Start of Excerpted data

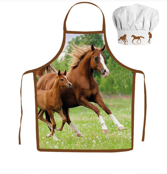 Horse, Lovas gyerek kötény 2 darabos szett Anyaga: 100% poliészter Szett tartalma: - 1 db kötény - 1 db kuktasapka Ajánlott 3-8 éves korig.
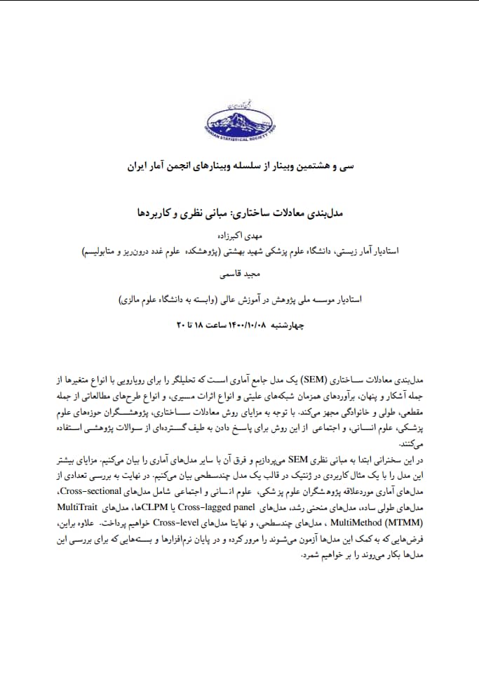 وبینار علمی _ تخصصی «مدلبندی معادلات ساختاری: مبانی نظری و کاربردها»
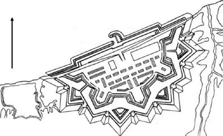 Фанагорийская, или Таманская крепость представляет собой систему фортификационных сооружений, называемых «бастионной системой укреплений». Бастион – пятиугольный выступ перед оборонительным валом, который позволяет вести огонь по противнику, наступавшему на валы (куртины) крепости. В проекции крепость имеет коронообразную форму и отдаленно напоминает Петропавловскую крепость в Санкт-Петербурге. Фанагорийская Таманская крепость обращена хордой к обрыву Таманского залива.
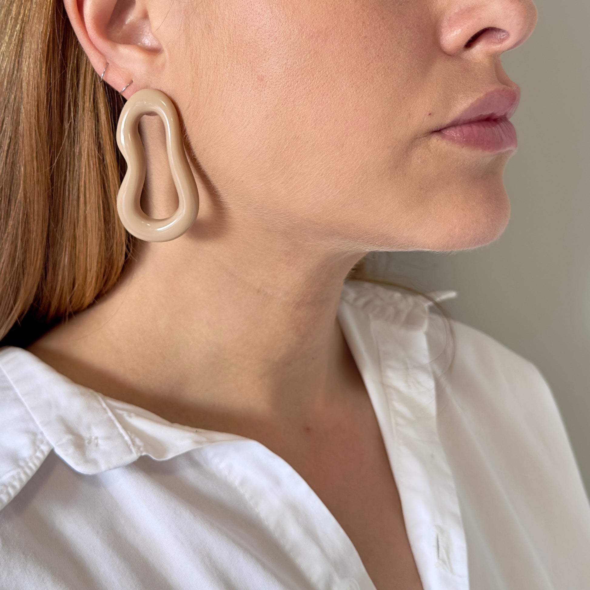 O Brinco Orgânico Nude Fridali tem um design fluido em resina que valoriza qualquer look. Seu tom nude traz neutralidade e sofisticação, ideal para quem busca um acessório versátil, leve e autoral. O fecho em aço inoxidável antialérgico oferece conforto para o uso diário.
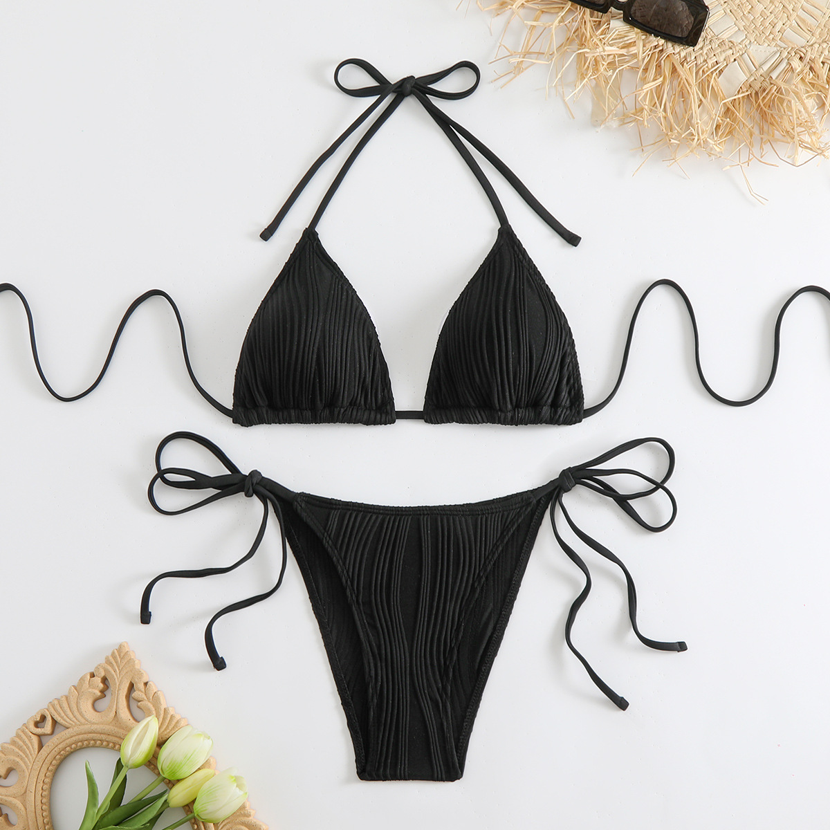 ins风欧美跨境外贸比基尼绑带挂脖性感露背泳衣 黑色特殊面料泳装
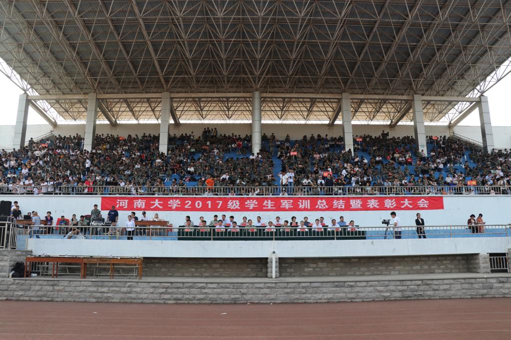 9月17日下午,河南大学2017级新生军训总结暨表彰大会在金明校区志义体育场隆重举行。河南大学校长宋纯鹏,党委副书记雷霆,副校长张宝明、刘先省、许绍康、孙君健,中国人民解放军32150部队副政委甄忠信上校、开封市军分区副司令员崔瑜大校等部队首长、军训领导组成员及学校有关职能部门负责人出席大会。大会由副校长孙君健教授主持。
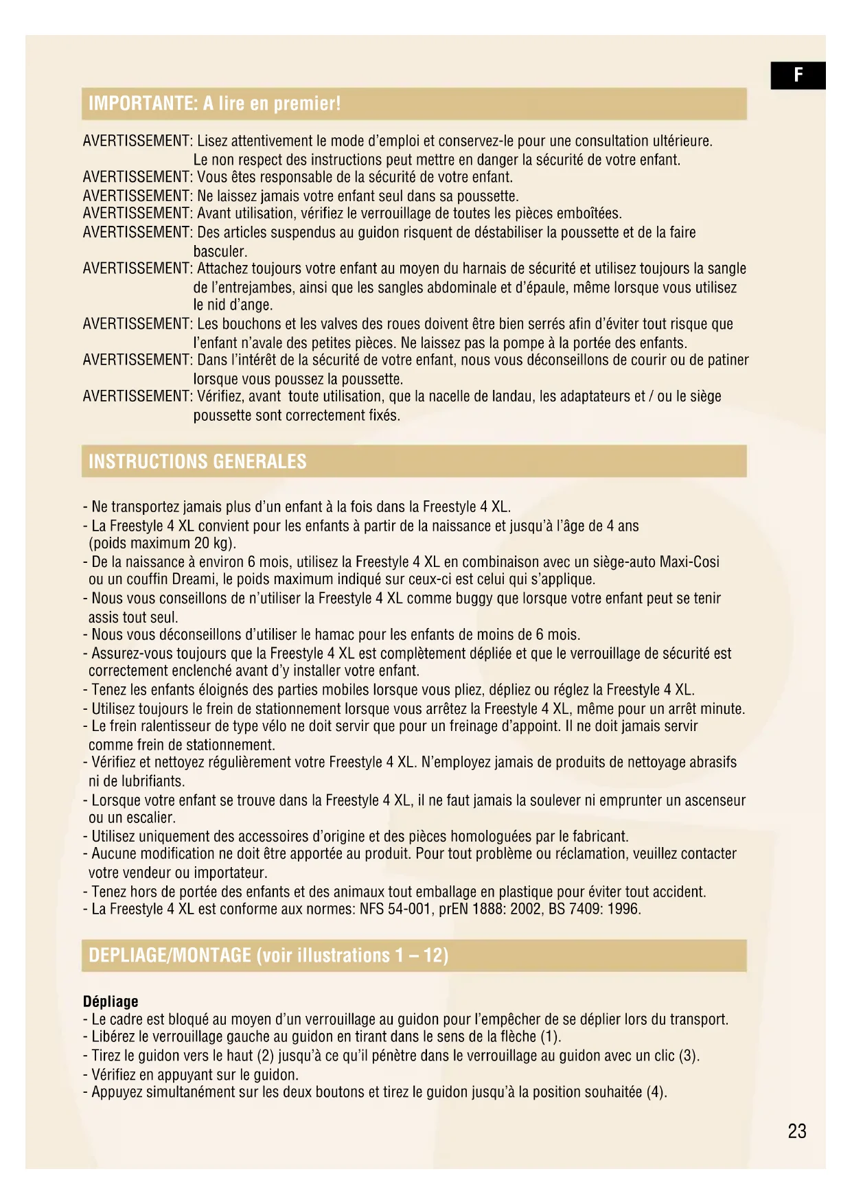poussette sont correctement fixés. INSTRUCTIONS GENERALES - Ne transportez jamais plus d’un enfant à la fois dans la Freestyle 4 XL. - La Freestyle 4 XL convient pour les enfants à partir de la naissance et jusqu’à l’âge de 4 ans (poids maximum 20 kg). - De la naissance à environ 6 mois, utilisez la Freestyle 4 XL en combinaison avec un siège-auto Maxi-Cosi ou un couffin Dreami, le poids maximum indiqué sur ceux-ci est celui qui s’applique. - Nous vous conseillons de n’utiliser la Freestyle 4 XL comme buggy que lorsque votre enfant peut se tenir assis tout seul. - Nous vous déconseillons d’utiliser le hamac pour les enfants de moins de 6 mois. - Assurez-vous toujours que la Freestyle 4 XL est complètement dépliée et que le verrouillage de sécurité est correctement enclenché avant d’y installer votre enfant. - Tenez les enfants éloignés des parties mobiles lorsque vous pliez, dépliez ou réglez la Freestyle 4 XL. - Utilisez toujours le frein de stationnement lorsque vous arrêtez la Freestyle 4 XL, même pour un arrêt minute. - Le frein ralentisseur de type vélo ne doit servir que pour un freinage d’appoint. Il ne doit jamais servir comme frein de stationnement. - Vérifiez et nettoyez régulièrement votre Freestyle 4 XL. N’employez jamais de produits de nettoyage abrasifs ni de lubrifiants. - Lorsque votre enfant se trouve dans la Freestyle 4 XL, il ne faut jamais la soulever ni emprunter un ascenseur ou un escalier. - Utilisez uniquement des accessoires d’origine et des pièces homologuées par le fabricant. - Aucune modification ne doit être apportée au produit. Pour tout problème ou réclamation, veuillez contacter votre vendeur ou importateur. - Tenez hors de portée des enfants et des animaux tout emballage en plastique pour éviter tout accident. - La Freestyle 4 XL est conforme aux normes: NFS 54-001, prEN 1888: 2002, BS 7409: 1996. DEPLIAGE/MONTAGE (voir illustrations 1 – 12) Dépliage - Le cadre est bloqué au moyen d’un verrouillage au guidon pour l’empêcher de se déplier lors du transport. - Libérez le verrouillage gauche au guidon en tirant dans le sens de la flèche (1). - Tirez le guidon vers le haut (2) jusqu’à ce qu’il pénètre dans le verrouillage au guidon avec un clic (3). - Vérifiez en appuyant sur le guidon. - Appuyez simultanément sur les deux boutons et tirez le guidon jusqu’à la position souhaitée (4).F Montage des roues - Les 2 roues avec cylindre de freins doivent être montées à l’arrière. - Appuyez sur le bouton au centre du cache-moyeu (5/8) tout en enfonçant l’essieu dans son logement (7). - Vérifiez que chaque roue est bien fixée. - Vérifiez la pression des pneus et gonflez-les si nécessaire (vous trouverez la pression maximum des pneus dans la section entretien). Démontage des roues - Pour démonter les roues arrière, appuyez sur le bouton au centre du cache-moyeu (5/8) et retirez la roue de son logement (9). Réglage en hauteur du guidon - Pour régler la hauteur du guidon, appuyez simultanément sur les boutons de chaque côté (4.1) et manoeuvrez le guidon jusqu’à la position souhaitée (4.2). Pliage - Repliez la capote (voir “Montage/démontage de la capote”). - Placez le dossier du hamac en position inclinée (voir “Réglage du dossier”). - Placez le repose-pieds en position haute (voir “Repose-pieds”). - Repoussez le bloque-châssis sur la manette de verrouillage du montant droit du guidon (10). - Tirez vers le haut les manettes de verrouillages gauche et droite des montants du guidon et poussez le guidon vers l’avant pour replier la Freestyle 4 XL (11). - Assurez-vous que la manette de verrouillage s’enclenche bien dans le bloque-châssis permettant de faciliter le transport (vous devrez entendre un clic) (12). - Pour un encombrement minimum, retirez les roues et le hamac (voir “Fixation du hamac”). FREIN DE STATIONNEMENT (voir illustration 13) - Utilisez toujours ce frein pour arrêter la Freestyle 4 XL, même pour un arrêt minute. - Bloquez les roues en appuyant avec le pied sur l’essieu arrière (13). - Libérez le frein de stationnement en tirant la pédale vers le haut. - Le frein à main ne sert que comme ralentisseur et ne doit pas être utilisé comme frein de stationnement. Le frein à main fonctionne sur les deux roues arrière. Si vous le serrez trop fort ou trop vite, vous risquez de culbuter sur la Freestyle 4 XL et de blesser votre enfant. - Vérifiez toujours que les roues sont bloquées. UTILISATION Utilisation avec la nacelle Dreami (jusqu’à 9 kg) et le siège-auto Maxi-Cosi (jusqu’à 13 kg) (voir illustrations 14 – 20) Fixation des adaptateurs - Retirez d’abord les caches-adaptateurs en déplaçant vers l’extérieur le bouton rouge sous les connecteurs des adaptateurs, et en poussant les caches vers le haut (14). - Faites glisser l’adaptateur A dans le côté droit du logement et l’adaptateur B dans le côté gauche du logement. - Continuez à les faire glisser jusqu’à entendre un clic (15). - Vérifiez que les adaptateurs sont bien en place. Installation de la nacelle Dreami - Dépliez la poussette et placez la nacelle sur les adaptateurs, avec l’extrémité pieds entre les montants du guidon (16). - Vérifiez que la nacelle est bien attaché. 24F

End of Excerpted data

Output all of the data exactly. Skip the pictures.

§ **Solution for this task**:
 Horse, Lovas gyerek kötény 2 darabos szett Anyaga: 100% poliészter Szett tartalma: - 1 db kötény - 1 db kuktasapka Ajánlott 3-8 éves korig.
 وبینار علمی _ تخصصی «مدلبندی معادلات ساختاری: مبانی نظری و کاربردها»
 Фанагорийская, или Таманская крепость представляет собой систему фортификационных сооружений, называемых «бастионной системой укреплений». Бастион – пятиугольный выступ перед оборонительным валом, который позволяет вести огонь по противнику, наступавшему на валы (куртины) крепости. В проекции крепость имеет коронообразную форму и отдаленно напоминает Петропавловскую крепость в Санкт-Петербурге. Фанагорийская Таманская крепость обращена хордой к обрыву Таманского залива.
 O Brinco Orgânico Nude Fridali tem um design fluido em resina que valoriza qualquer look. Seu tom nude traz neutralidade e sofisticação, ideal para quem busca um acessório versátil, leve e autoral. O fecho em aço inoxidável antialérgico oferece conforto para o uso diário.
 ins风欧美跨境外贸比基尼绑带挂脖性感露背泳衣 黑色特殊面料泳装
 9月17日下午,河南大学2017级新生军训总结暨表彰大会在金明校区志义体育场隆重举行。河南大学校长宋纯鹏,党委副书记雷霆,副校长张宝明、刘先省、许绍康、孙君健,中国人民解放军32150部队副政委甄忠信上校、开封市军分区副司令员崔瑜大校等部队首长、军训领导组成员及学校有关职能部门负责人出席大会。大会由副校长孙君健教授主持。
poussette sont correctement fixés. INSTRUCTIONS GENERALES - Ne transportez jamais plus d’un enfant à la fois dans la Freestyle 4 XL. - La Freestyle 4 XL convient pour les enfants à partir de la naissance et jusqu’à l’âge de 4 ans (poids maximum 20 kg). - De la naissance à environ 6 mois, utilisez la Freestyle 4 XL en combinaison avec un siège-auto Maxi-Cosi ou un couffin Dreami, le poids maximum indiqué sur ceux-ci est celui qui s’applique. - Nous vous conseillons de n’utiliser la Freestyle 4 XL comme buggy que lorsque votre enfant peut se tenir assis tout seul. - Nous vous déconseillons d’utiliser le hamac pour les enfants de moins de 6 mois. - Assurez-vous toujours que la Freestyle 4 XL est complètement dépliée et que le verrouillage de sécurité est correctement enclenché avant d’y installer votre enfant. - Tenez les enfants éloignés des parties mobiles lorsque vous pliez, dépliez ou réglez la Freestyle 4 XL. - Utilisez toujours le frein de stationnement lorsque vous arrêtez la Freestyle 4 XL, même pour un arrêt minute. - Le frein ralentisseur de type vélo ne doit servir que pour un freinage d’appoint. Il ne doit jamais servir comme frein de stationnement. - Vérifiez et nettoyez régulièrement votre Freestyle 4 XL. N’employez jamais de produits de nettoyage abrasifs ni de lubrifiants. - Lorsque votre enfant se trouve dans la Freestyle 4 XL, il ne faut jamais la soulever ni emprunter un ascenseur ou un escalier. - Utilisez uniquement des accessoires d’origine et des pièces homologuées par le fabricant. - Aucune modification ne doit être apportée au produit. Pour tout problème ou réclamation, veuillez contacter votre vendeur ou importateur. - Tenez hors de portée des enfants et des animaux tout emballage en plastique pour éviter tout accident. - La Freestyle 4 XL est conforme aux normes: NFS 54-001, prEN 1888: 2002, BS 7409: 1996. DEPLIAGE/MONTAGE (voir illustrations 1 – 12) Dépliage - Le cadre est bloqué au moyen d’un verrouillage au guidon pour l’empêcher de se déplier lors du transport. - Libérez le verrouillage gauche au guidon en tirant dans le sens de la flèche (1). - Tirez le guidon vers le haut (2) jusqu’à ce qu’il pénètre dans le verrouillage au guidon avec un clic (3). - Vérifiez en appuyant sur le guidon. - Appuyez simultanément sur les deux boutons et tirez le guidon jusqu’à la position souhaitée (4).F Montage des roues - Les 2 roues avec cylindre de freins doivent être montées à l’arrière. - Appuyez sur le bouton au centre du cache-moyeu (5/8) tout en enfonçant l’essieu dans son logement (7). - Vérifiez que chaque roue est bien fixée. - Vérifiez la pression des pneus et gonflez-les si nécessaire (vous trouverez la pression maximum des pneus dans la section entretien). Démontage des roues - Pour démonter les roues arrière, appuyez sur le bouton au centre du cache-moyeu (5/8) et retirez la roue de son logement (9). Réglage en hauteur du guidon - Pour régler la hauteur du guidon, appuyez simultanément sur les boutons de chaque côté (4.1) et manoeuvrez le guidon jusqu’à la position souhaitée (4.2). Pliage - Repliez la capote (voir “Montage/démontage de la capote”). - Placez le dossier du hamac en position inclinée (voir “Réglage du dossier”). - Placez le repose-pieds en position haute (voir “Repose-pieds”). - Repoussez le bloque-châssis sur la manette de verrouillage du montant droit du guidon (10). - Tirez vers le haut les manettes de verrouillages gauche et droite des montants du guidon et poussez le guidon vers l’avant pour replier la Freestyle 4 XL (11). - Assurez-vous que la manette de verrouillage s’enclenche bien dans le bloque-châssis permettant de faciliter le transport (vous devrez entendre un clic) (12). - Pour un encombrement minimum, retirez les roues et le hamac (voir “Fixation du hamac”). FREIN DE STATIONNEMENT (voir illustration 13) - Utilisez toujours ce frein pour arrêter la Freestyle 4 XL, même pour un arrêt minute. - Bloquez les roues en appuyant avec le pied sur l’essieu arrière (13). - Libérez le frein de stationnement en tirant la pédale vers le haut. - Le frein à main ne sert que comme ralentisseur et ne doit pas être utilisé comme frein de stationnement. Le frein à main fonctionne sur les deux roues arrière. Si vous le serrez trop fort ou trop vite, vous risquez de culbuter sur la Freestyle 4 XL et de blesser votre enfant. - Vérifiez toujours que les roues sont bloquées. UTILISATION Utilisation avec la nacelle Dreami (jusqu’à 9 kg) et le siège-auto Maxi-Cosi (jusqu’à 13 kg) (voir illustrations 14 – 20) Fixation des adaptateurs - Retirez d’abord les caches-adaptateurs en déplaçant vers l’extérieur le bouton rouge sous les connecteurs des adaptateurs, et en poussant les caches vers le haut (14). - Faites glisser l’adaptateur A dans le côté droit du logement et l’adaptateur B dans le côté gauche du logement. - Continuez à les faire glisser jusqu’à entendre un clic (15). - Vérifiez que les adaptateurs sont bien en place. Installation de la nacelle Dreami - Dépliez la poussette et placez la nacelle sur les adaptateurs, avec l’extrémité pieds entre les montants du guidon (16). - Vérifiez que la nacelle est bien attaché. 24F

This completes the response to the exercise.